Going down the listing below, print exactly each line from the one with "The Oxidative Stress" up to and including the one with "You can invest", and skip the rest.

◆ Provided information:
────────────────

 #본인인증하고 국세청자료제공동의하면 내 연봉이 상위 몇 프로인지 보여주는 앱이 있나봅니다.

────────────────

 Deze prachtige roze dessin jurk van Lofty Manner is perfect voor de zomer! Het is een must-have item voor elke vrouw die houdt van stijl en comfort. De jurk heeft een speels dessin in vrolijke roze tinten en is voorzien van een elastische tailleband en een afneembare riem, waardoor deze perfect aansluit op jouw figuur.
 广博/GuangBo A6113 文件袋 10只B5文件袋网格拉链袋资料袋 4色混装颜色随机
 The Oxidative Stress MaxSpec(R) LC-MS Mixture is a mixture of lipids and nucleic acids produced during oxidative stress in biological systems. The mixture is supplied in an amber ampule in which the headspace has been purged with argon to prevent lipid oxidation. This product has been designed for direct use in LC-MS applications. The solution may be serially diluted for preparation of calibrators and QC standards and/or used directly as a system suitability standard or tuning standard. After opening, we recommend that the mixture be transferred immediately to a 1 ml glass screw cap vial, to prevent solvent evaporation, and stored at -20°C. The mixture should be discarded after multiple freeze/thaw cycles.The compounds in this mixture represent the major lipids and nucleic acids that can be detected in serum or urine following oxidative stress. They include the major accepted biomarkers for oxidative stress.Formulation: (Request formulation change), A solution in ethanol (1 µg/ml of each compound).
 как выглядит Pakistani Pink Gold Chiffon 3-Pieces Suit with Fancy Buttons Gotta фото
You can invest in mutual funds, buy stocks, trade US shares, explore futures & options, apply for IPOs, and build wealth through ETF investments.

────────────────

◆ Written solution:
 The Oxidative Stress MaxSpec(R) LC-MS Mixture is a mixture of lipids and nucleic acids produced during oxidative stress in biological systems. The mixture is supplied in an amber ampule in which the headspace has been purged with argon to prevent lipid oxidation. This product has been designed for direct use in LC-MS applications. The solution may be serially diluted for preparation of calibrators and QC standards and/or used directly as a system suitability standard or tuning standard. After opening, we recommend that the mixture be transferred immediately to a 1 ml glass screw cap vial, to prevent solvent evaporation, and stored at -20°C. The mixture should be discarded after multiple freeze/thaw cycles.The compounds in this mixture represent the major lipids and nucleic acids that can be detected in serum or urine following oxidative stress. They include the major accepted biomarkers for oxidative stress.Formulation: (Request formulation change), A solution in ethanol (1 µg/ml of each compound).
 как выглядит Pakistani Pink Gold Chiffon 3-Pieces Suit with Fancy Buttons Gotta фото
You can invest in mutual funds, buy stocks, trade US shares, explore futures & options, apply for IPOs, and build wealth through ETF investments.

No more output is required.